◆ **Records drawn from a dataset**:
*****

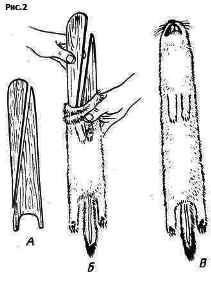 Шкурки, снятые чулком, правят на стандартной правилке. Правилку изготовляют из сухих несмолистых дощечек толщиной не более 0,5 см. В одном конце ее вырезают овал и выпиливают две ножки, суживающиеся к концу. Правилку распиливают по косой линии и распил отстругивают (рис. 2, А). Вначале в ротовое отверстие вводят одну из половин правилки широкой частью, ножкой вперед, пропуская ее через всю полость шкурки. Дере-вянную ножку устанавливают на лапке у коготков, затем вводят вторую половинку узкой стороной и устанавливают ножкой в другой лапке (рис. 2, Б). Совмещенные половинки правилки растягивают шкурку в длину и ширину, расправляют складки кожи (рис. 2, В). Шкурку осаживают руками от хвоста к голове. Правилку следует делать немного длиннее шкурки, чтобы ее было удобнее устанавливать и извлекать во время сушки.
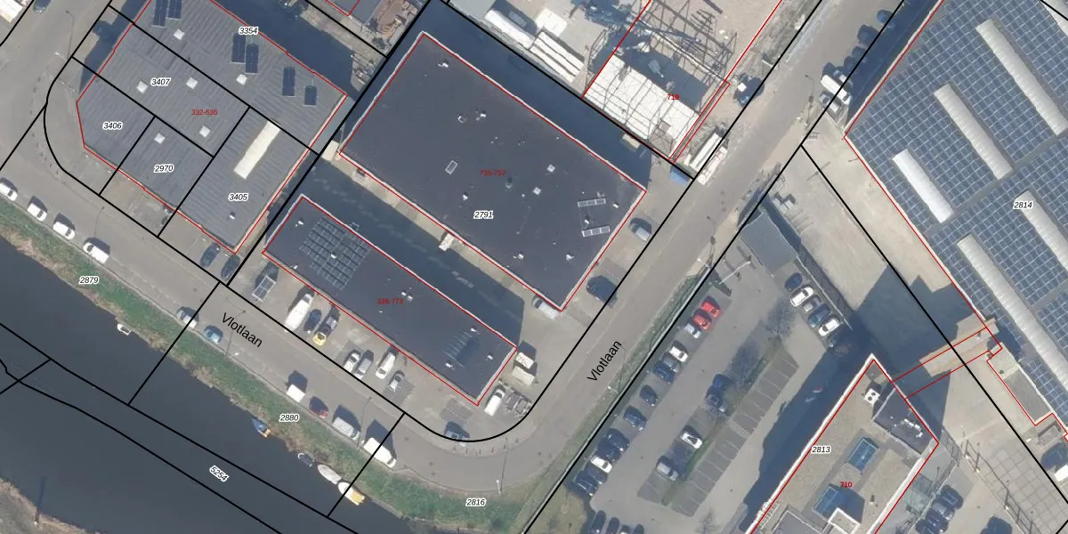 Het perceel waarop Vlotlaan 745 staat heeft een oppervlakte van 3960 m². Dit is een zeer groot perceel. De perceeloppervlakte wordt geregistreerd door het Kadaster. Gedetailleerde informatie over de maten van dit perceel kunt u vinden in het rapport Kadastrale kaart met maatvoering van Vlotlaan 745.
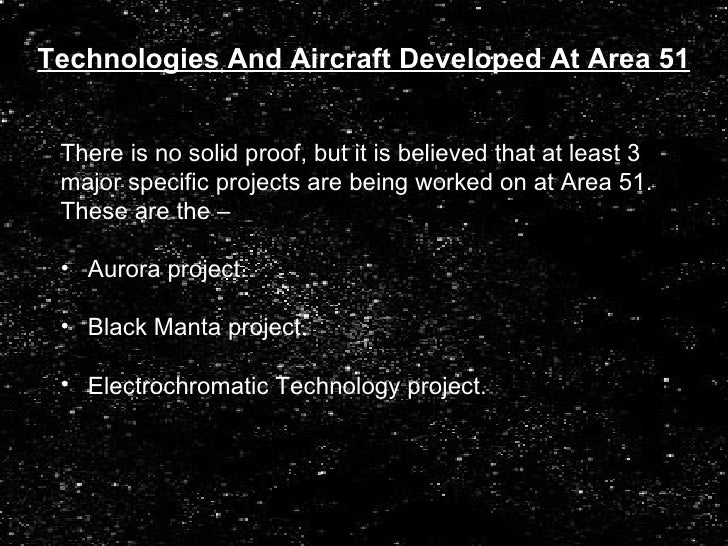7. 7. <ul><li>There is no solid proof, but it is believed that at least 3 </li></ul><ul><li>major specific projects are being worked on at Area 51. </li></ul><ul><li>These are the – </li></ul><ul><li>Aurora project. </li></ul><ul><li>Black Manta project. </li></ul><ul><li>Electrochromatic Technology project. </li></ul>Technologies And Aircraft Developed At Area 51
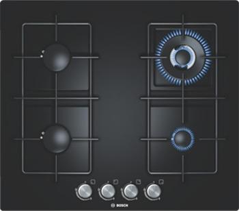 4 plynové hořáky (1x WOK 3,3 kW), el. jiskrové zapalování v knoflíku, pojistka zhasnutí plamene, ovládání vpředu, smaltované podložky, rozměry: v x š x h 5,8x59x52 cm, černé tvrzené sklohttp://www.bosch-home.com/sk/
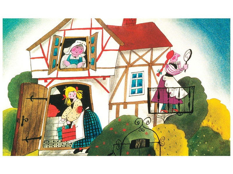 Tanulságos Grimm mese a dolgosságról, lustaságról és a jutalmazásról. Az özvegyasszony mostohalánya folyton dolgozott, reggeltől estig, míg az édes lánya egész nap csak tollászkodott, lustálkodott. A szorgalmas lányt Holle anyó megjutalmazza, míg a lustának élete végéig rútul kell élnie. Írta: Grimm testvérek. Rajzolta: Zsoldos Vera. A diafilm kódja: N0057
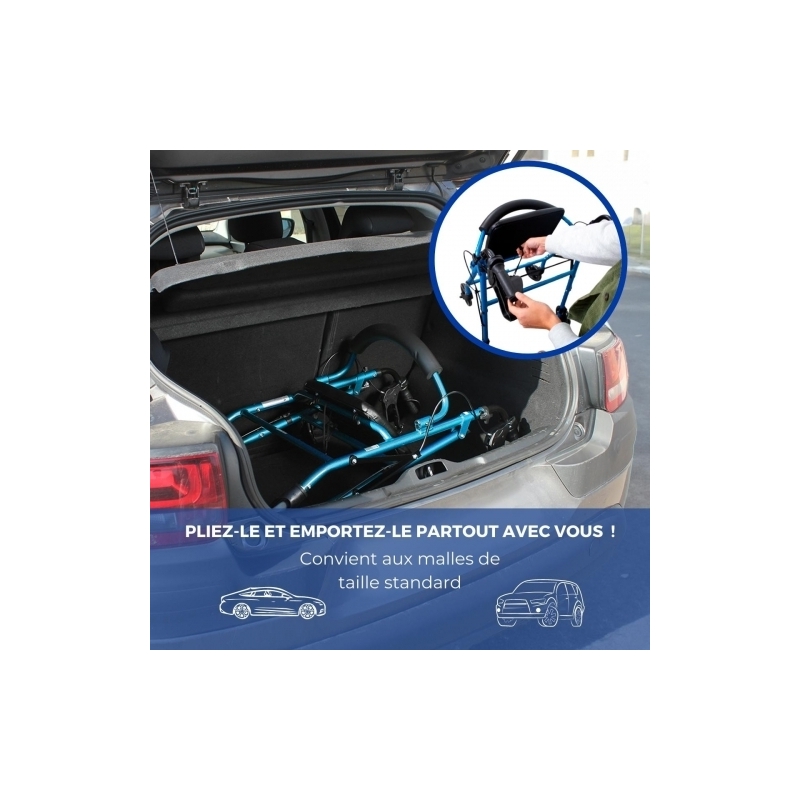 PLIABLE : cette aide technique est pliable, vous pourrez donc sans problème mettre le déambulateur adulte dans le coffre de votre voiture, voire le ranger sans prendre trop de place.
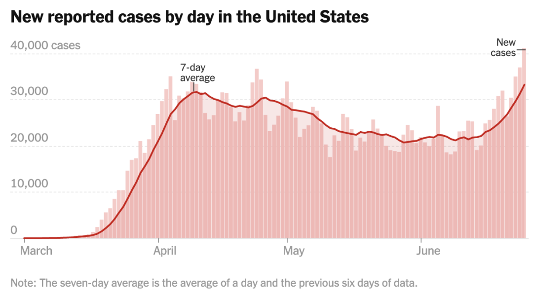 在五月份的几周内,美国新增确诊数虽仍处高位,但有了下降的趋势。自6月中下旬以来,反弹开始,且连日增长,6月25日,确诊人数超过4万,创下了美国疫情发展以来的新记录。
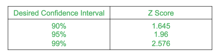 What are some commonly used z scores for confidence intervals?
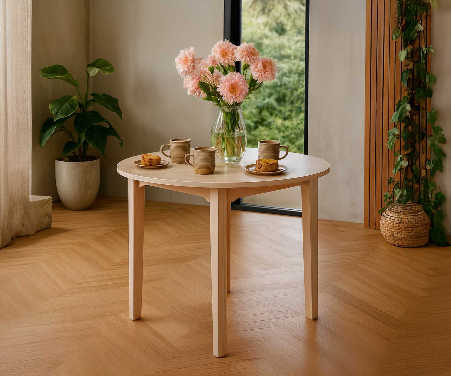 The Signature Round Dining Table combines timeless design with practical functionality, making it a versatile centerpiece for any dining space. Its simple, classic lines bring understated elegance, while providing ample space for meals, card games, or casual conversation. Perfectly balancing form and function, this table encourages social interaction and comfortable dining experiences.
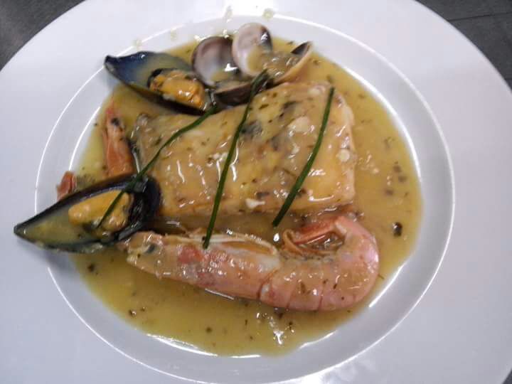 El menú incluye: 4 primeros, 4 segundos, postres variados, vino, casera y agua

*****

Before you finish, make sure every line above has been repeated exactly and no picture remains in the copy.

 Шкурки, снятые чулком, правят на стандартной правилке. Правилку изготовляют из сухих несмолистых дощечек толщиной не более 0,5 см. В одном конце ее вырезают овал и выпиливают две ножки, суживающиеся к концу. Правилку распиливают по косой линии и распил отстругивают (рис. 2, А). Вначале в ротовое отверстие вводят одну из половин правилки широкой частью, ножкой вперед, пропуская ее через всю полость шкурки. Дере-вянную ножку устанавливают на лапке у коготков, затем вводят вторую половинку узкой стороной и устанавливают ножкой в другой лапке (рис. 2, Б). Совмещенные половинки правилки растягивают шкурку в длину и ширину, расправляют складки кожи (рис. 2, В). Шкурку осаживают руками от хвоста к голове. Правилку следует делать немного длиннее шкурки, чтобы ее было удобнее устанавливать и извлекать во время сушки.
 Het perceel waarop Vlotlaan 745 staat heeft een oppervlakte van 3960 m². Dit is een zeer groot perceel. De perceeloppervlakte wordt geregistreerd door het Kadaster. Gedetailleerde informatie over de maten van dit perceel kunt u vinden in het rapport Kadastrale kaart met maatvoering van Vlotlaan 745.
7. 7. <ul><li>There is no solid proof, but it is believed that at least 3 </li></ul><ul><li>major specific projects are being worked on at Area 51. </li></ul><ul><li>These are the – </li></ul><ul><li>Aurora project. </li></ul><ul><li>Black Manta project. </li></ul><ul><li>Electrochromatic Technology project. </li></ul>Technologies And Aircraft Developed At Area 51
 4 plynové hořáky (1x WOK 3,3 kW), el. jiskrové zapalování v knoflíku, pojistka zhasnutí plamene, ovládání vpředu, smaltované podložky, rozměry: v x š x h 5,8x59x52 cm, černé tvrzené sklohttp://www.bosch-home.com/sk/
 Tanulságos Grimm mese a dolgosságról, lustaságról és a jutalmazásról. Az özvegyasszony mostohalánya folyton dolgozott, reggeltől estig, míg az édes lánya egész nap csak tollászkodott, lustálkodott. A szorgalmas lányt Holle anyó megjutalmazza, míg a lustának élete végéig rútul kell élnie. Írta: Grimm testvérek. Rajzolta: Zsoldos Vera. A diafilm kódja: N0057
 PLIABLE : cette aide technique est pliable, vous pourrez donc sans problème mettre le déambulateur adulte dans le coffre de votre voiture, voire le ranger sans prendre trop de place.
 在五月份的几周内,美国新增确诊数虽仍处高位,但有了下降的趋势。自6月中下旬以来,反弹开始,且连日增长,6月25日,确诊人数超过4万,创下了美国疫情发展以来的新记录。
 What are some commonly used z scores for confidence intervals?
 The Signature Round Dining Table combines timeless design with practical functionality, making it a versatile centerpiece for any dining space. Its simple, classic lines bring understated elegance, while providing ample space for meals, card games, or casual conversation. Perfectly balancing form and function, this table encourages social interaction and comfortable dining experiences.
 El menú incluye: 4 primeros, 4 segundos, postres variados, vino, casera y agua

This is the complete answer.